Case study introduction
This case study demonstrates how to obtain basic profile data from user behavior on a website to improve business strategies. This data, which includes geographical and social attributes, is used to perform scheduled profile analysis. This analysis enables fine-grained website traffic operations. You can use the DataWorks and EMR Serverless StarRocks product portfolio to perform data synchronization, data transformation, data management, and data consumption.
Read Experiment introduction to familiarize yourself with the entire process of a user profile analysis case. This ensures that you can complete this tutorial.
Data development platform
This tutorial uses the DataWorks legacy Data Development (DataStudio) platform. Ensure that your workspace is not set to Using The New Data Development (Data Studio).
When you create a workspace, do not select the Use The New Data Development (DataStudio) option.
After February 18, 2025, the new version of Data Studio is enabled by default when you use an Alibaba Cloud account to enable DataWorks and create a workspace for the first time in the following regions. If the new version of Data Studio is already enabled by default for your account, see Use the new version of Data Studio.

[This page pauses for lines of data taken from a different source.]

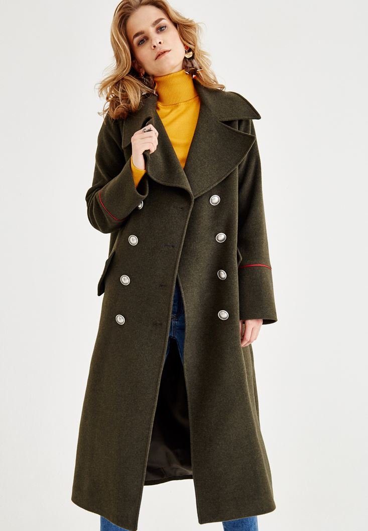 Armee Grün Schlitz Taschen Doppelreiher Langarm Wollmantel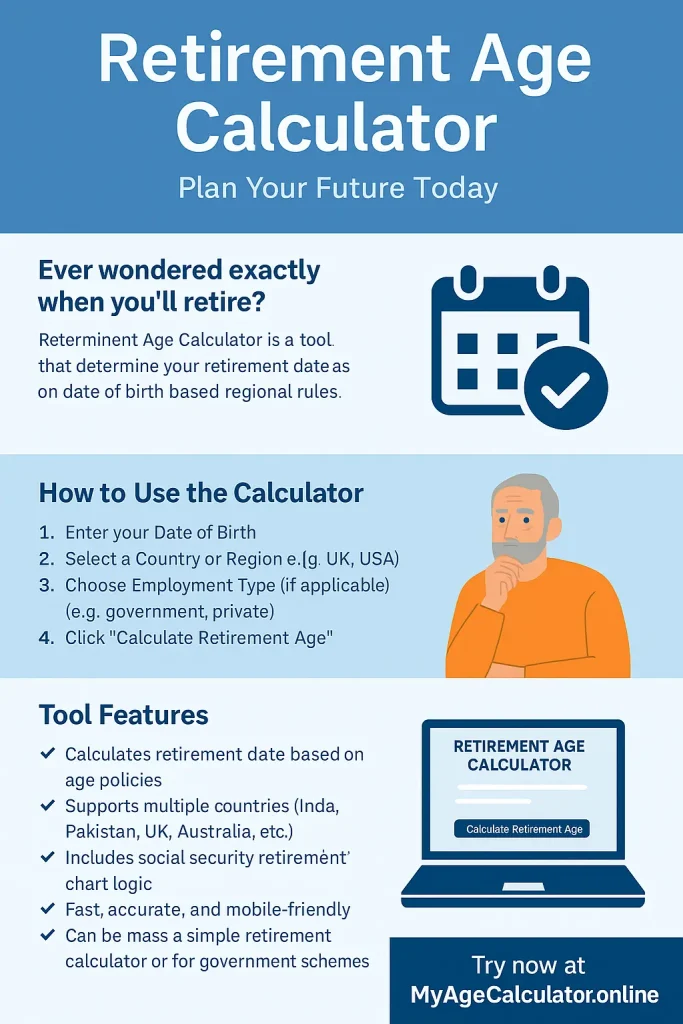 Ever wondered exactly when you’ll retire? Whether you’re a government employee in India or planning your social security benefits in the U.S., knowing your exact retirement date is crucial. That’s where our Retirement Age Calculator by Date of Birth comes in — a simple, fast, and accurate tool tailored to meet various regional and government-specific retirement rules.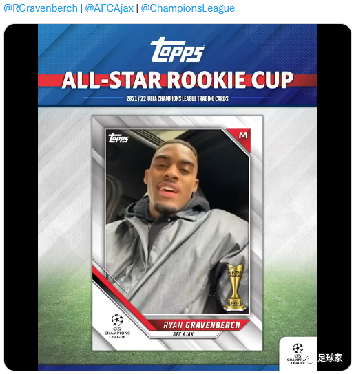 至于全明星新秀的名单,则是既在这次Topps 2021-22欧冠200人的基础名单内、同时又在去年Topps 2020-21欧冠系列中作为RC出现过,并且还是上赛季表现优异的“老新秀”球员。当然,为了区别于传统的有RC标记的元年新秀,这些全明星新秀球员们,都会以另一种形式标记出来——带有All-Star Rookie(全明星新秀)字样的奖杯图标。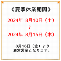 平素は格別のお引き立てを賜り、誠にありがとうございます。誠に勝手ながら、2024年8月10日(土)~2024...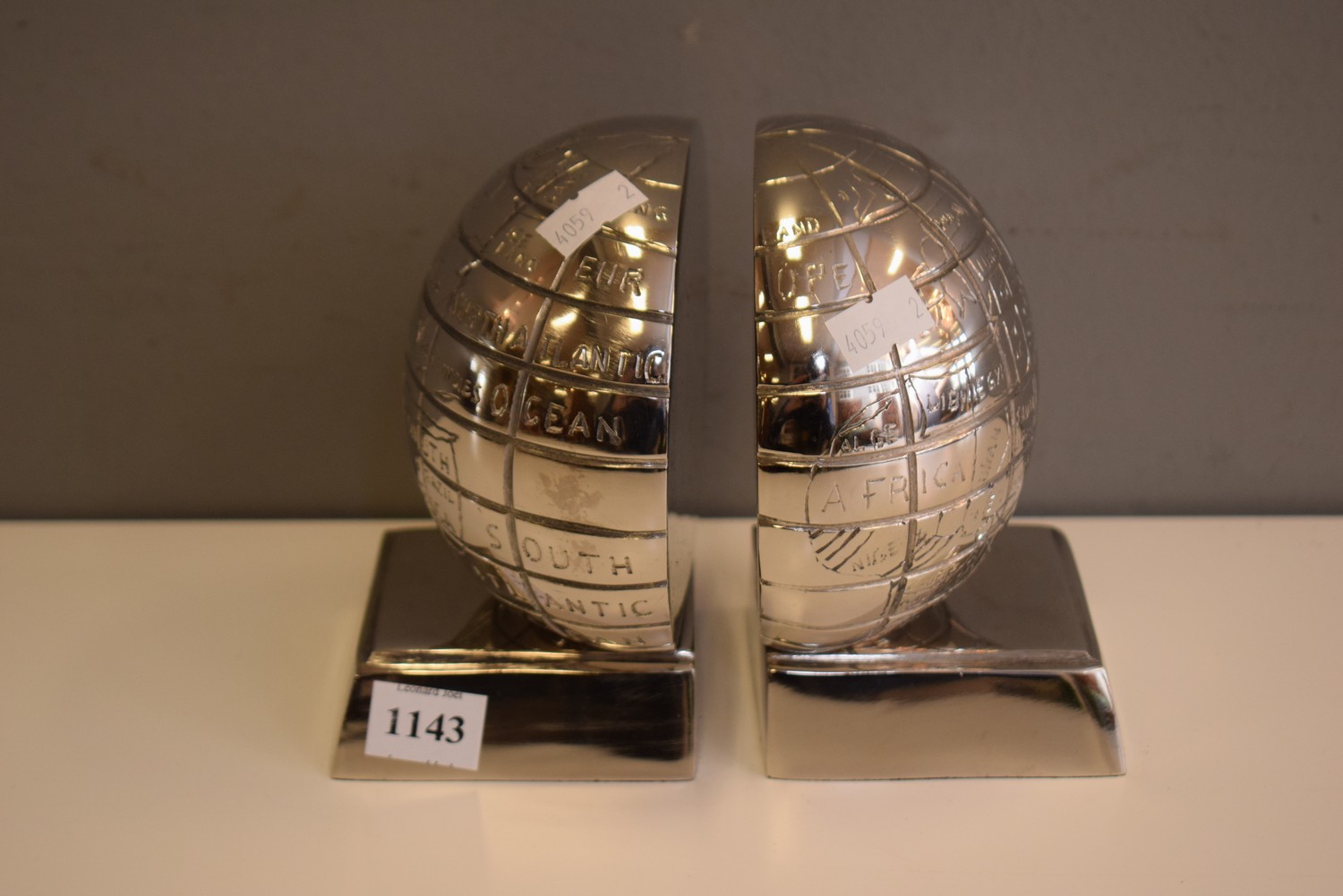 A PAIR OF CHROME GLOBE BOOKENDS (14H X 8D CM)

China (Hangzhou), China (Shanghai), China (Beijing), China (Zhangjiakou), China (Ulanqab), China (Shenzhen), China (Chengdu), China (Hong Kong), Japan (Tokyo), Singapore, Malaysia (Kuala Lumpur), Indonesia (Jakarta), Thailand (Bangkok), Germany (Frankfurt), UK (London), US (Silicon Valley), US (Virginia)
Procedure
Create the StarRocks instance and DataWorks workspace required for this tutorial, and complete the related resource group network configuration.
Configure a data synchronization channel in DataWorks to synchronize the user information and website log data provided in this tutorial to the StarRocks computing resource. Then, you can query the synchronized data.
Use the StarRocks node in DataWorks to transform the data in the user information table and the access log table that were synchronized to StarRocks. This process generates the target user profile data.
Configure data quality monitoring rules for the tables generated from data transformation. This helps you detect and block dirty data in advance and prevent its impact from spreading.
After the user profile analysis task workflow is complete, the corresponding data tables are created in StarRocks. You can view the generated data tables and their lineage in the Data Map module.
Consume data
After the user profile analysis is complete, use the DataAnalysis module to visualize the transformed data. This helps you quickly extract key information and gain insights into business trends.
After you obtain the final transformed data, use the DataService Studio module to share and apply the data through a standard API-based data service. This provides data to other business modules that use APIs.